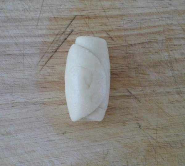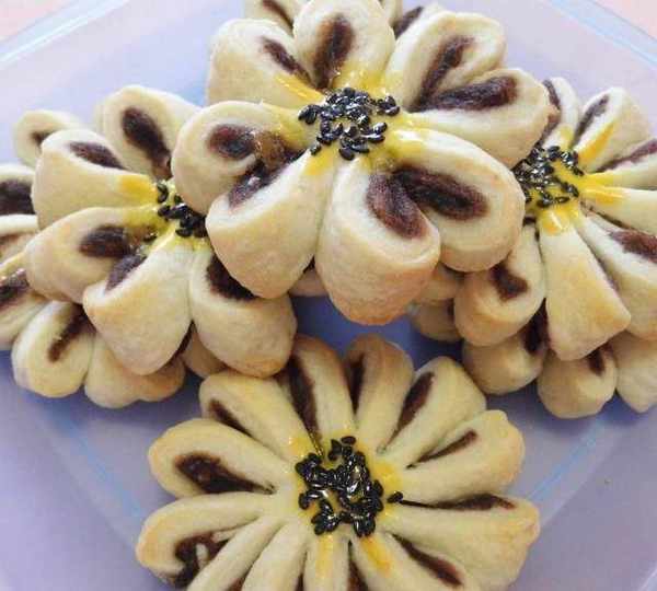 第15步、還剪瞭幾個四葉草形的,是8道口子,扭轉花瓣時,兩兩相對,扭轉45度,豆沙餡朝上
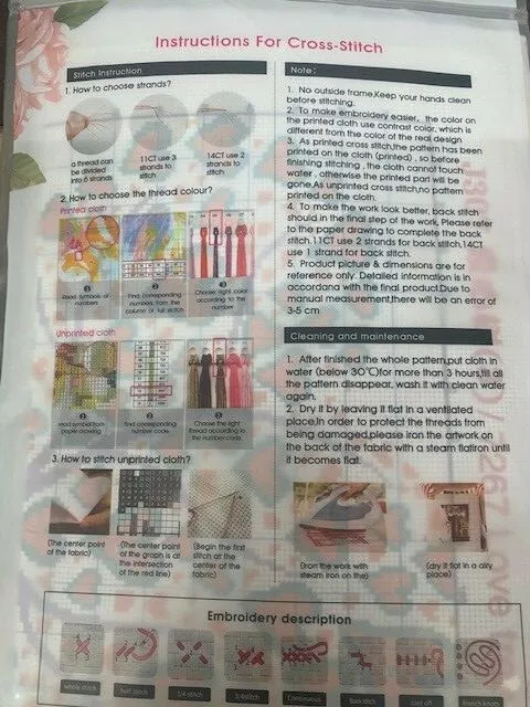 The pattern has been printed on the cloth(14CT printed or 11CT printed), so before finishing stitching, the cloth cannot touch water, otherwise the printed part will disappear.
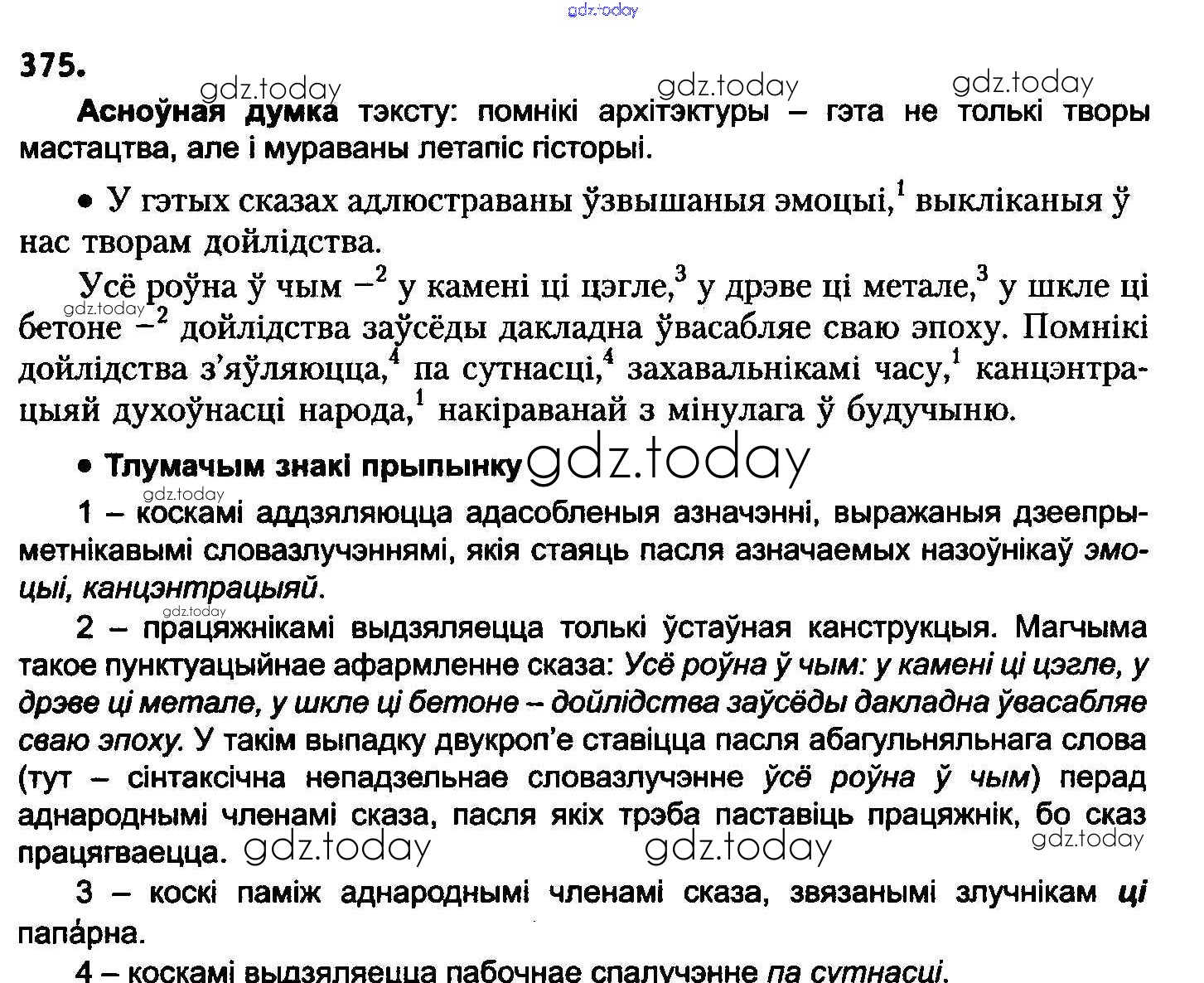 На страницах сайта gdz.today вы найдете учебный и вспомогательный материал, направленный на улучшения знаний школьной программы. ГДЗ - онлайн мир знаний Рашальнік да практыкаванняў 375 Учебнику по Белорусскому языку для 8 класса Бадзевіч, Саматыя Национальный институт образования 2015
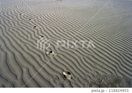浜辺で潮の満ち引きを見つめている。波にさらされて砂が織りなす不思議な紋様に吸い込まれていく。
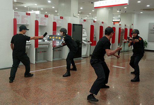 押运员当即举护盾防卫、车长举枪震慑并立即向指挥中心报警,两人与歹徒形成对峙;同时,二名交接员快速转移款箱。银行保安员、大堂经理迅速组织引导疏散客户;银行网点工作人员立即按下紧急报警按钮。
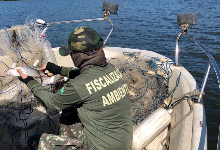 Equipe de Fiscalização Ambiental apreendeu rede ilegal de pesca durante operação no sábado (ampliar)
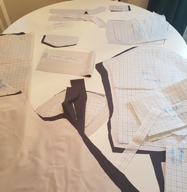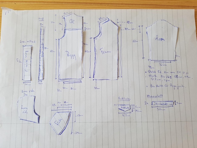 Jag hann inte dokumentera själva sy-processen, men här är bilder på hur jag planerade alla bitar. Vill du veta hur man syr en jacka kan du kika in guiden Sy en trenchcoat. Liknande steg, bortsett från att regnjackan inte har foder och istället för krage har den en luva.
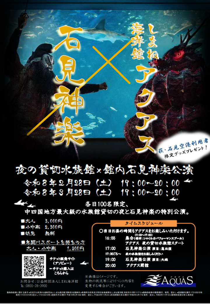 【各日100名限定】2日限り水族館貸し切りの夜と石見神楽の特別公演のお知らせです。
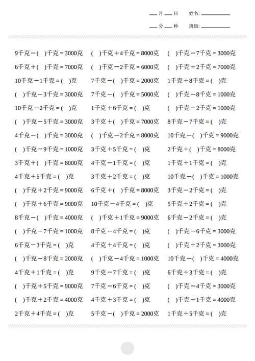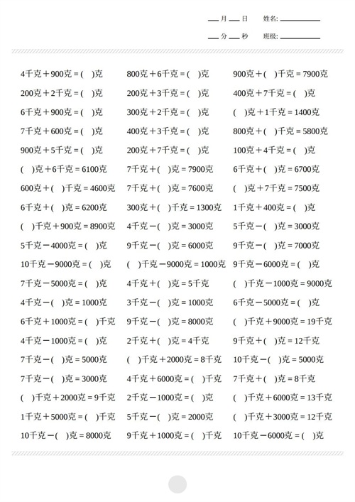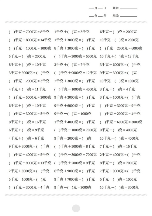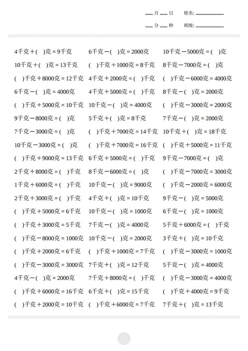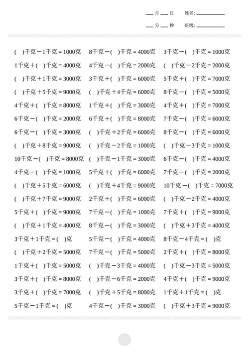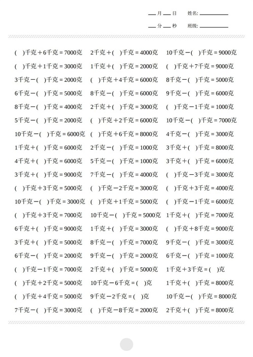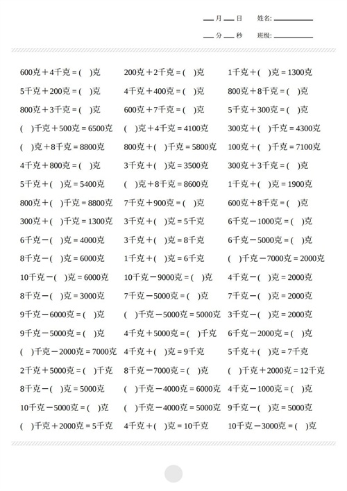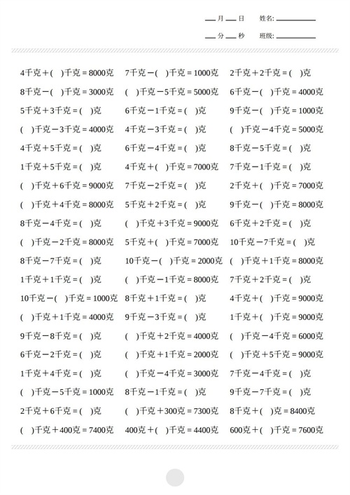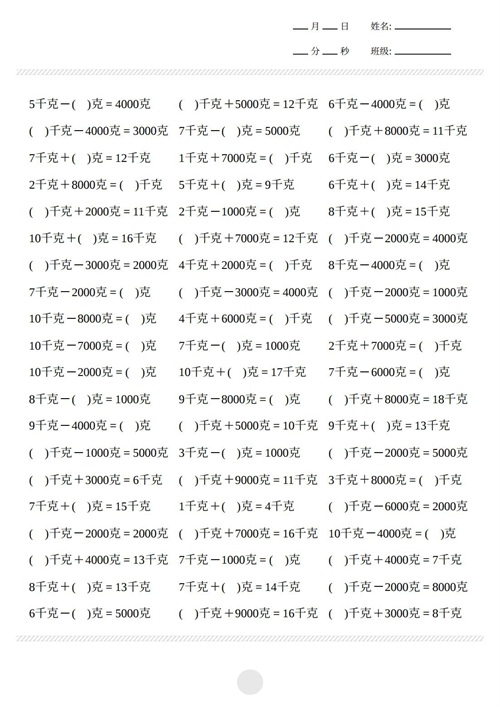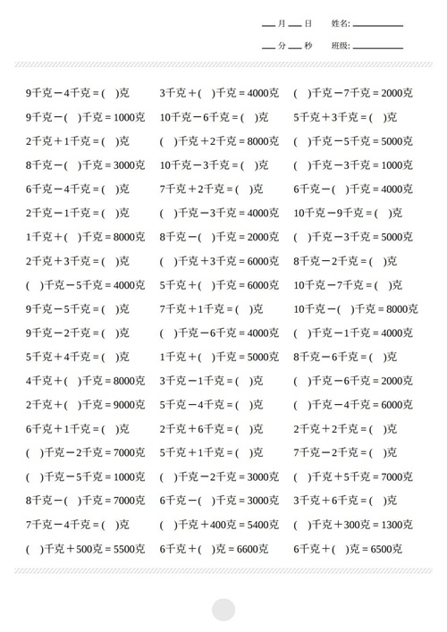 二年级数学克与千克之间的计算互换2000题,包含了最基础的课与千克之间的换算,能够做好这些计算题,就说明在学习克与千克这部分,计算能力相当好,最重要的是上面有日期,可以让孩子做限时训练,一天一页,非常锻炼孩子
____
An exact retyping of the material, minus the pictures, is the required answer.

Answer for this exercise
 第15步、還剪瞭幾個四葉草形的,是8道口子,扭轉花瓣時,兩兩相對,扭轉45度,豆沙餡朝上
 The pattern has been printed on the cloth(14CT printed or 11CT printed), so before finishing stitching, the cloth cannot touch water, otherwise the printed part will disappear.
 На страницах сайта gdz.today вы найдете учебный и вспомогательный материал, направленный на улучшения знаний школьной программы. ГДЗ - онлайн мир знаний Рашальнік да практыкаванняў 375 Учебнику по Белорусскому языку для 8 класса Бадзевіч, Саматыя Национальный институт образования 2015
浜辺で潮の満ち引きを見つめている。波にさらされて砂が織りなす不思議な紋様に吸い込まれていく。
 押运员当即举护盾防卫、车长举枪震慑并立即向指挥中心报警,两人与歹徒形成对峙;同时,二名交接员快速转移款箱。银行保安员、大堂经理迅速组织引导疏散客户;银行网点工作人员立即按下紧急报警按钮。
 Equipe de Fiscalização Ambiental apreendeu rede ilegal de pesca durante operação no sábado (ampliar)
 Jag hann inte dokumentera själva sy-processen, men här är bilder på hur jag planerade alla bitar. Vill du veta hur man syr en jacka kan du kika in guiden Sy en trenchcoat. Liknande steg, bortsett från att regnjackan inte har foder och istället för krage har den en luva.
 【各日100名限定】2日限り水族館貸し切りの夜と石見神楽の特別公演のお知らせです。
 二年级数学克与千克之间的计算互换2000题,包含了最基础的课与千克之间的换算,能够做好这些计算题,就说明在学习克与千克这部分,计算能力相当好,最重要的是上面有日期,可以让孩子做限时训练,一天一页,非常锻炼孩子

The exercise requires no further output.